Saw a guy net about a 20# brown off the pier when smelt dipping. He had his buddy watch his gear while he concealed the brown under his jacket, zipped it up and ran up to his car.

We were sitting up on the Elberta hill about when glow tape really caught on. Some guy casting on the pier had some kind of lure that was so bright when charged, we could see him flip it out all the way from our perch on the hill about 1/2 mile away AND we could see a faint glow under the water as he reeled it back in, lol.

Use to see a Polish guy up there sometimes who lived to violate. He popped the trunk on his Toronado one time to show us his 'catch' and he had about 20 dark river kings in there. No coolers, no bags, just laying in the trunk on the carpet. Dog days of summer. The car wasn't that old... he said he was going to can them.
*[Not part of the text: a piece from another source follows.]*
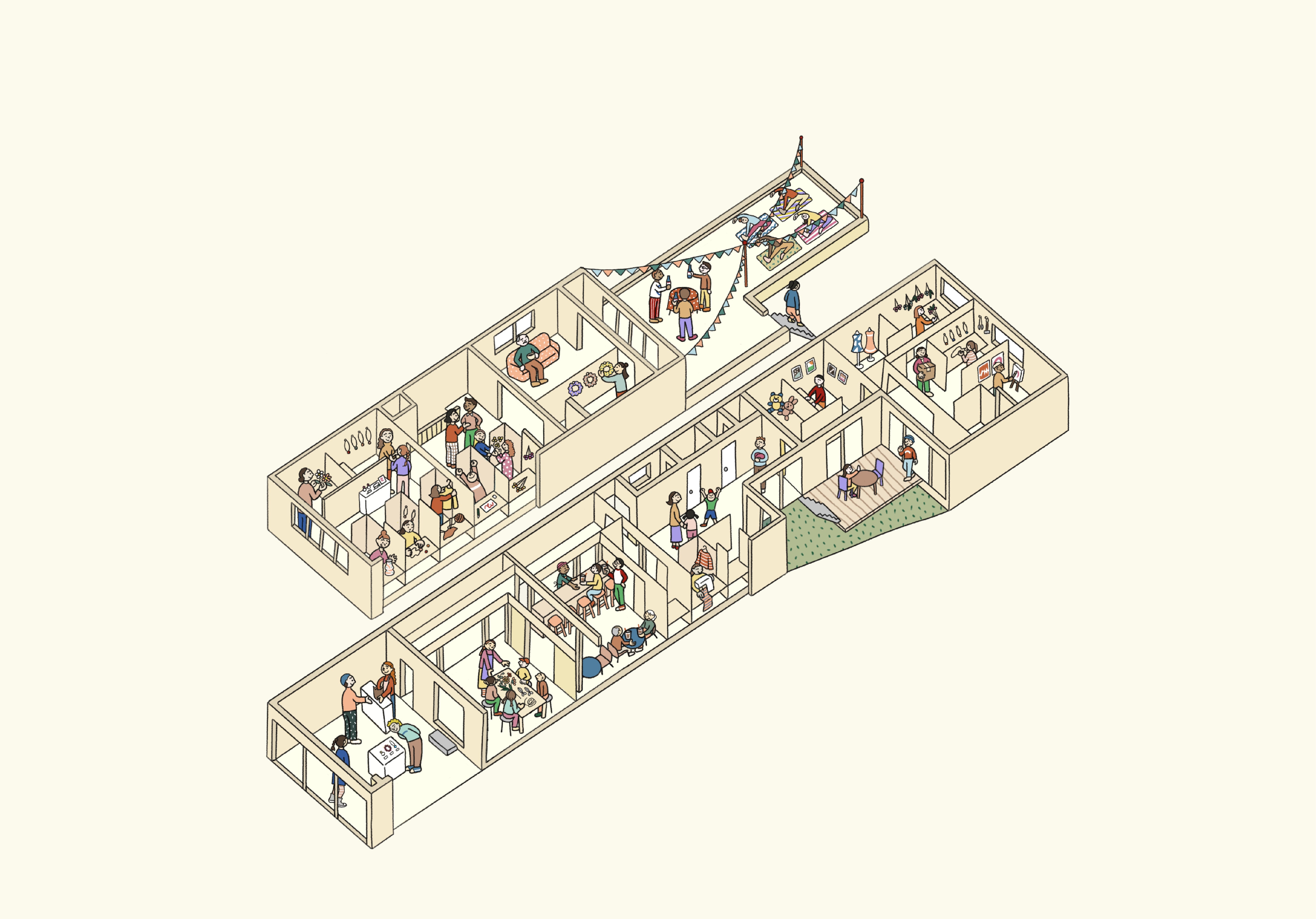 今回オカマチ荘のロゴ作成を&DAYS DESIGNの堀池さん(ホーリー)、そしてキービジュアルをイラストレーターのYOUCAさんにお願いしました!想いを汲み取ってくださり、とても暖かくて柔らかい雰囲気の素敵なデザインにしてくださりました。

I don't think he meant garbage can either.

Saw a black bear on the Elberta beach about 5 years ago while we were out on my boat trolling, that was cool.


----------



## steeler

Buddy and I where fishing the big man one mid august day from my drift boat. Limited in 45 min. Decided to keep 5 fish on stringer tied to boat. Since we limited early, we decided to fish for fun some more. After a while, as I was standing on the boat fishing, I see the fish we caught floating away:yikes: we started laughing. I almost jumped to get it but we were in a deep hole. I realized later the string was rubbing on edge of boat and got cut:lol:

At 6th st.... Where do I begin.... too many characters there especially by east side where ramp is. The place has gotten worse over the years. The old timers who respected each other are gone. Be wary of druggies, potheads and stoned dudes who extort money. A common ploy is they find ways to accuse you of breaking their "expensive" rod. Call the cops when these stuff happens.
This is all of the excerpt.